Promotional Bookends. Westinghouse Air Brake Co.

Iron Horse. Bronze. Height 5.5 in. Inscription: see text. Ten pounds per pair. 1969.

The Plains Indians called trains “iron horses” in the nineteenth century, or perhaps they were referring only to the steam locomotives that pulled the train.  Either way, the term seems like one that the Indians would have originated, something that I always believed.  But, in fact, railroads, trains and steam locomotives appeared in England in about 1830, before they appeared in America, and the English coined the term “iron horse” to describe them.

These bookends, named Iron Horse, show such a nineteenth-century steam locomotive. The legend on the rear of each bookend reads “100th anniversary 1869-1969 Westinghouse Air Brake Co.  Cast in Willmerding foundry.”  Commemorating a double Centennial, 1869 refers to the founding date of the Westinghouse Air Brake Co. and it is also the year the transcontinental railroad was completed with the meeting of the Central Pacific and Union Pacific railroads on May 10 at Promontory Summit, Utah.

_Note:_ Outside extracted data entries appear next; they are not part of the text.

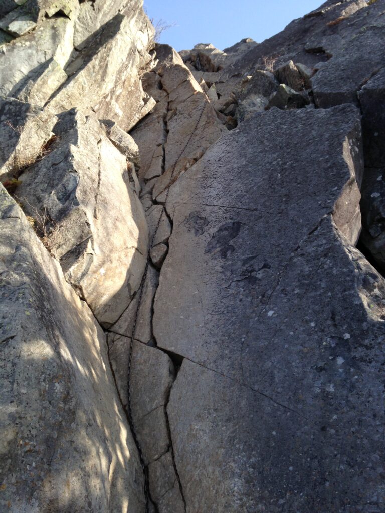 鎖を使いながら登るこの岩場は、乾徳山最大の見せ場。
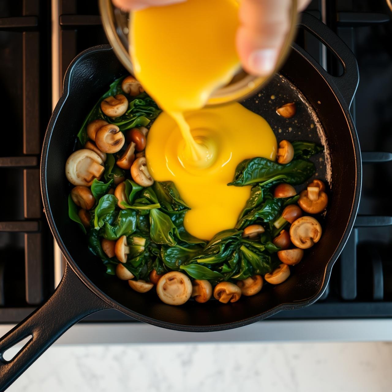 6. Combine and Cook: Pour the whisked egg mixture evenly over the cooked vegetables in the skillet. Use a spatula to gently distribute the vegetables if needed. Allow the frittata to cook on the stovetop over medium heat, undisturbed, for 2-3 minutes. You will see the edges begin to set.
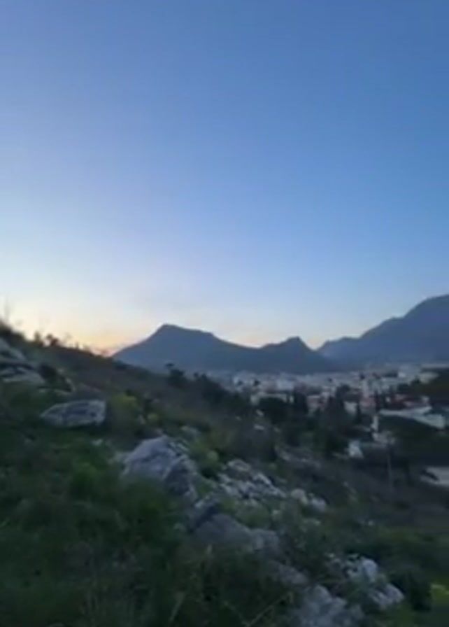 cityscape nestled between mountains. The foreground is a grassy, rocky hillside. The buildings in the city are mostly white with red tile roofs. The mountains in the background are a hazy gray, with hints of snow on their peaks. The sky is a clear blue, transitioning to orange near the horizon.
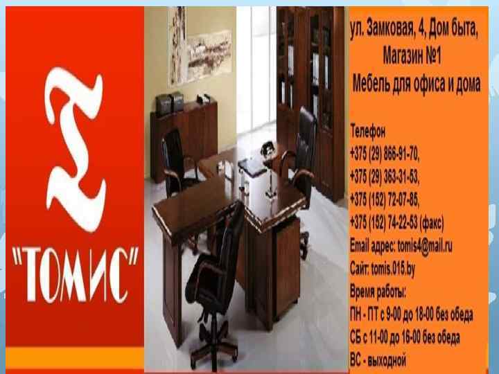 С 1995 года компания «Томис» успешно работает на мебельном рынке Беларуси и зарекомендовала себя надежным партнером как у производителей мебели, так и у потребителей. Продажа качественной, современной офисной, корпусной мебели в Гродно и других городах, отвечающим современным требованиям, является основной целью компании.
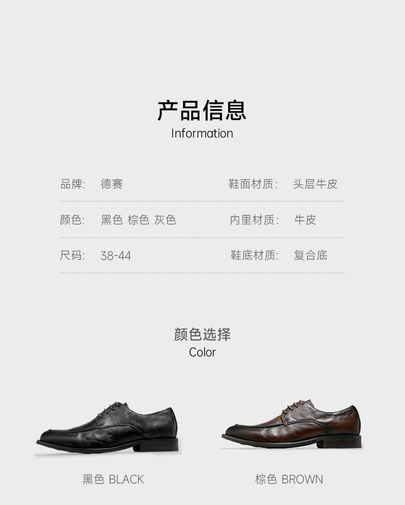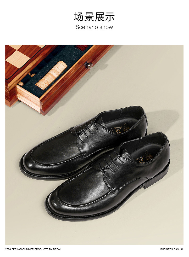 Desai Men's Business Leather Shoes, Soft Leather, Breathable Formal Leather Shoes, Derby Shoes, Soft-Soled Commuting Casual Leather Shoes for Men
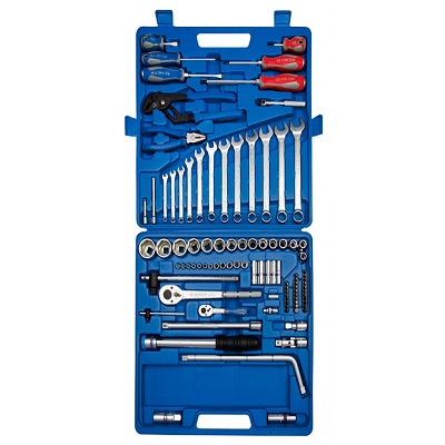 Универсальный набор с посадочными квадратами комплектующих - 0,5 и 1/4 дюйма. Предназначен для работ различной сложности в быту или в профессиональных условиях мастерских. В комплекте: свечные и торцевые головки, трещотки и карданы, воротки и удлинители, переходник, вставки (биты), комбинированные ключи, крестообразные и шлицевые отвертки, плоскогубцы и захват, телескопический рычаг. Все стальные части инструментов защищены от коррозии хромовым покрытием и обладают повышенной прочностью.
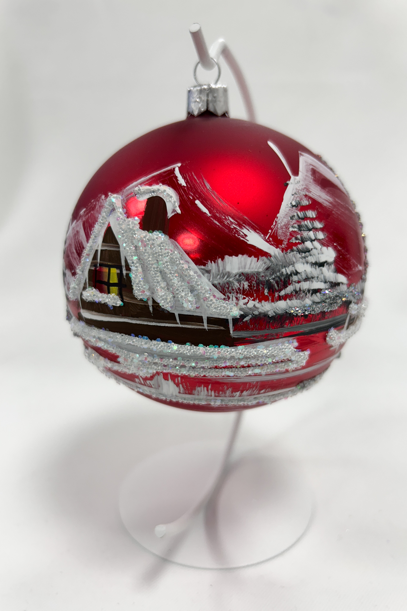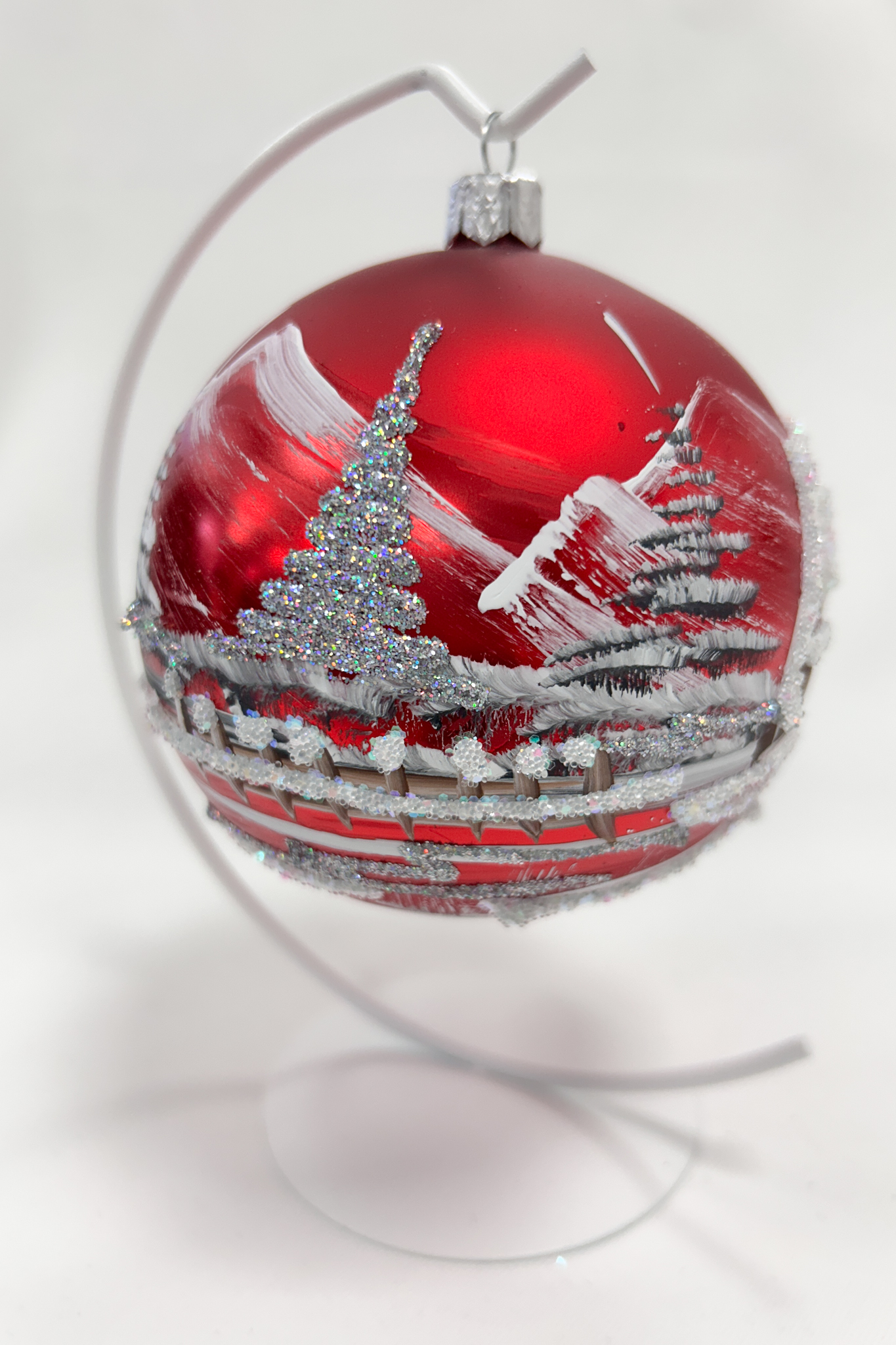 Czerwona Ręcznie Malowana Bombka z Zimowym Pejzażem na Stojaku 80
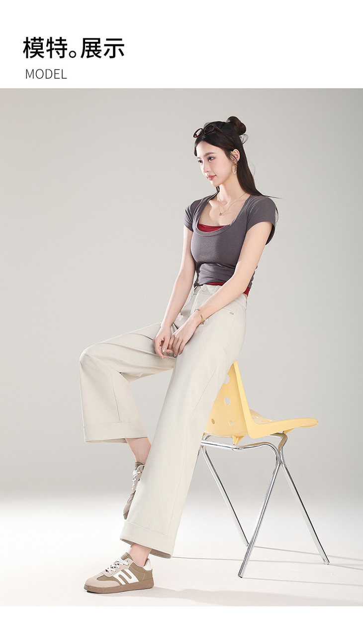 高腰潮流阔腿裤,韩版简约时尚优雅女士休闲裤YX-XBMY6619
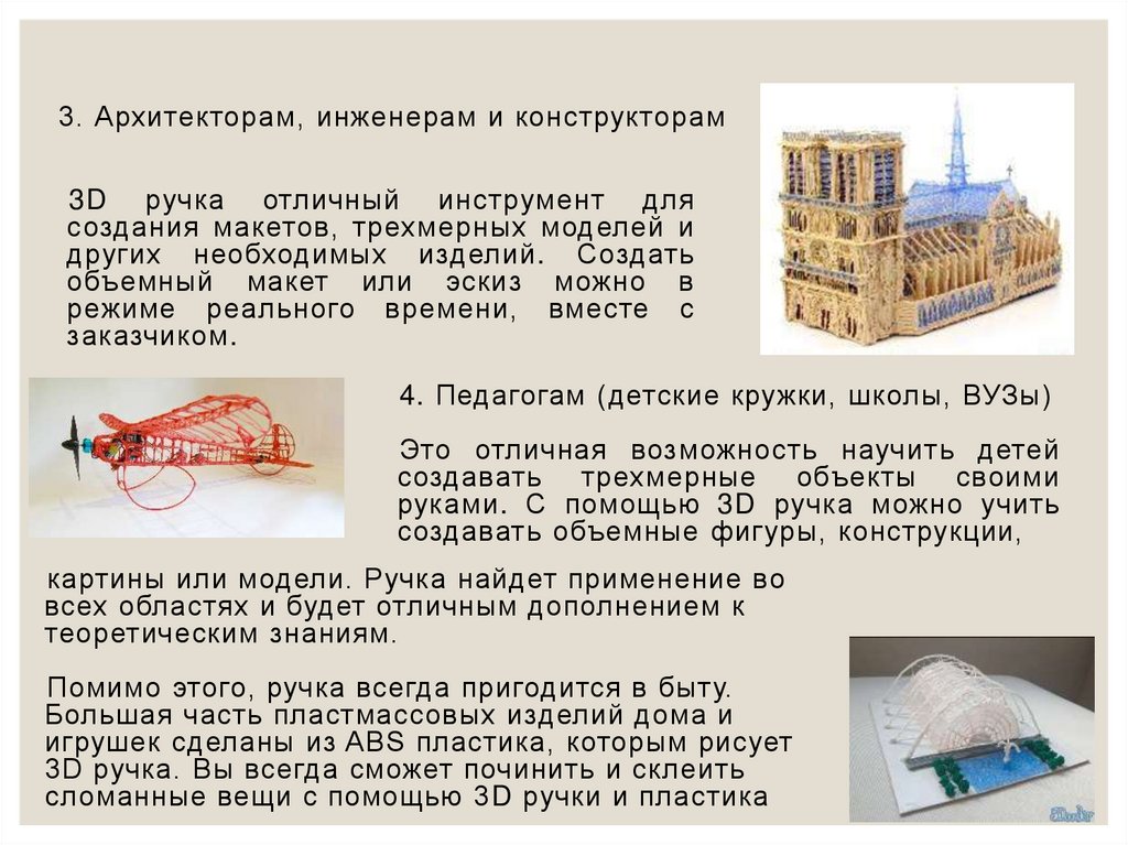 3. Архитекторам, инженерам и конструкторам3D ручка отличный инструмент для
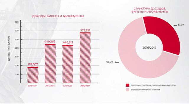 В чемпионском сезоне 2017/2018 "Спартак" заработал на продаже билетов и абонементов рекордную сумму – 579,4 млн руб. Еще 403,4 млн руб. принесла продажа vip-лож. В сезоне 2015/2017, когда "Спартак" с трудом занял лишь 5-е место в чемпионате, доходы по этим статьям были существенно меньше: от билетов и абонементов – 446,9 млн, от vip-лож – 302 млн.
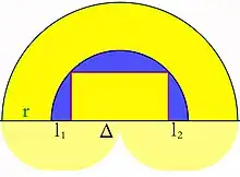 On découpe alors la surface Z en deux par une droite Δ passant par les centres des deux cercles inscrit et circonscrit. La partie supérieure de Z est notée Zs, comme indiquée sur l'illustration à droite. La somme de Minkowski de Zs et de rB correspond, dans la partie supérieure à la droite Δ, à un demi-disque, de rayon R + r. Si l1 et l2 sont les longueurs des deux intersections de Z avec Δ (voir la figure), l'intersection de la somme avec la partie inférieure à la droite Δ possède une aire égale à πr2 + (l1 + l2)r. On en déduit l'égalité :
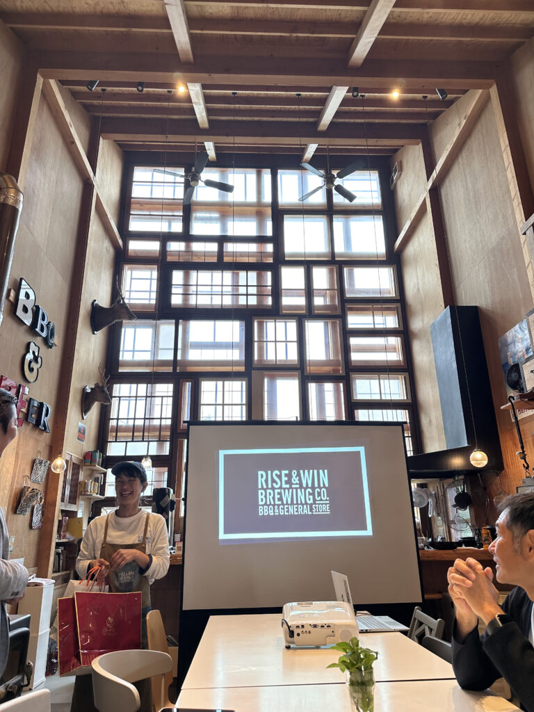 「ゼロ・ウェイストセンター」をご案内いただく前に、ちょうどお昼だった僕たちは池添さんが働かれているブルワリー(RISE & WIN Brewing Co. BBQ & General Store)で昼食をいただきながら、池添さん達の思いや、上勝町の現状と対策について拝聴し、また意見交換をいたしました。
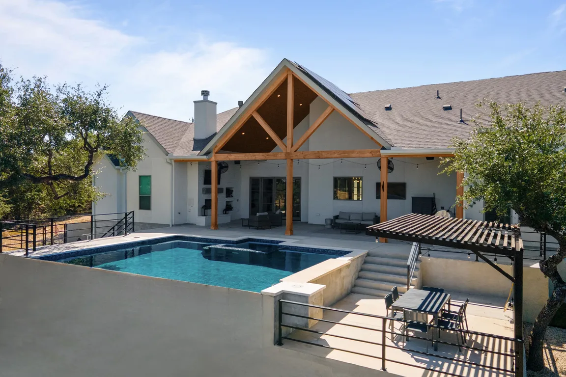Heated pool and spaOutdoor kitchenExpansive windowsOpen light-filled floor planPanoramic viewsInviting fireplacesSpacious laundry room
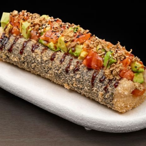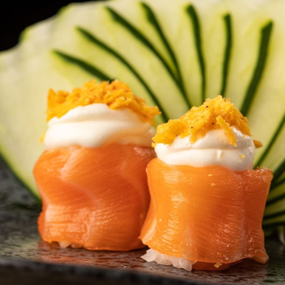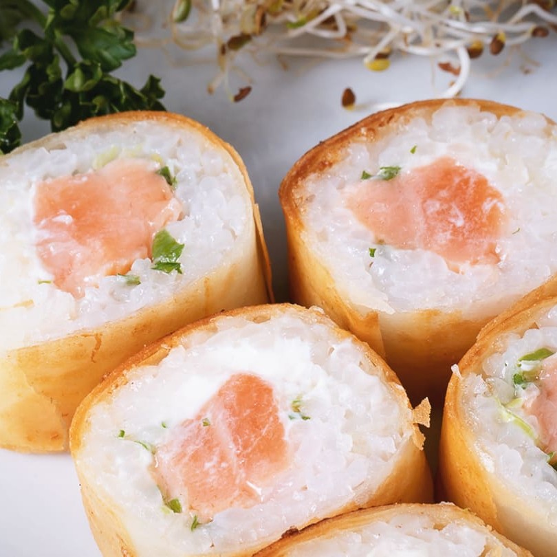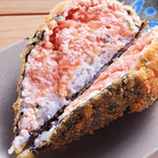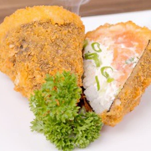É feito com arroz, salmão em cubos, cream cheese e cebolinha, enrolados em alga nori, cortado em cone e empanado na farinha panko.
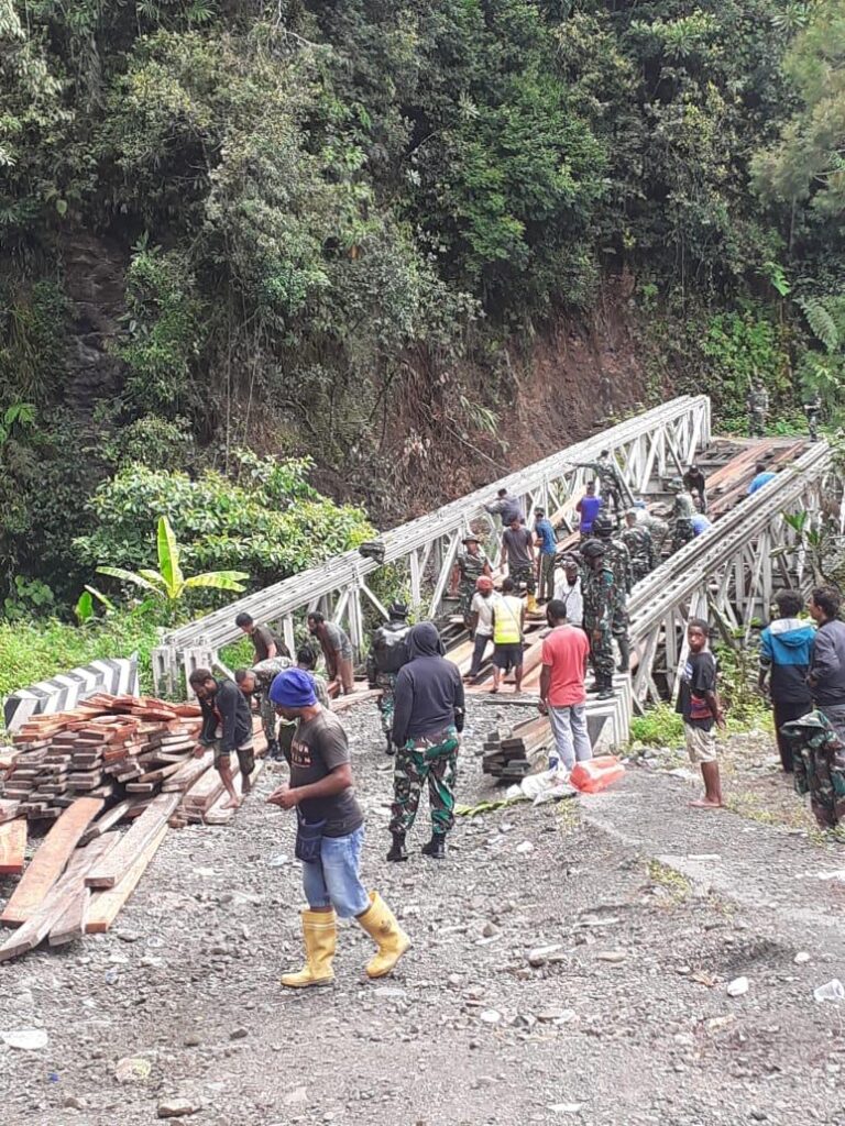 “Kita berupaya secepat mungkin memperbaiki jembatan ini, sebab jembatan ini merupakan penghubung satu-satunya wilayah Jayawijaya dan Yalimo. Kita berharap dengan selesainya perbaikan jembatan ini maka pendistribusian sembilan bahan pokok (sembako) dan BBM dari Kabupaten Jayawijaya tidak terhenti sehingga begitu roda perekonomian tetap berjalan di Kab. Yalimo,” ujar Dandim.
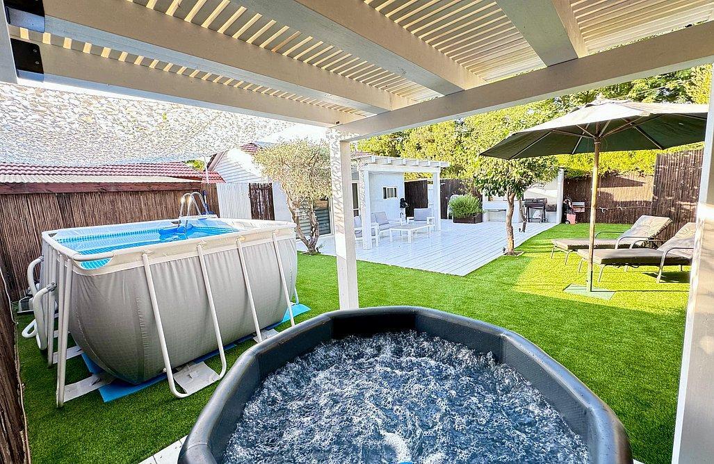 במתחם תוכלו להנות מבריכת שחיה צלולה, ומג'קוזי מפנק ביותר, פינות שיזוף ושימשיות, מטבחון חיצוני,מדשאות ופינות ישיבה מרוווחות, פינת ברביקיו, ועוד מס פינוקים שתוכלו להנות מהם!

The Iron Horse lives on in myth and legend and movies. The company founded by George Westinghouse, inventor and manufacturer, continued to produce air brakes until the year 2000. The advent of Air Brakes dramatically improved the safety, speed, and growth of the trains as the locomotive engineer could apply the brakes instead of having brakes applied manually on each individual train car by a brakeman.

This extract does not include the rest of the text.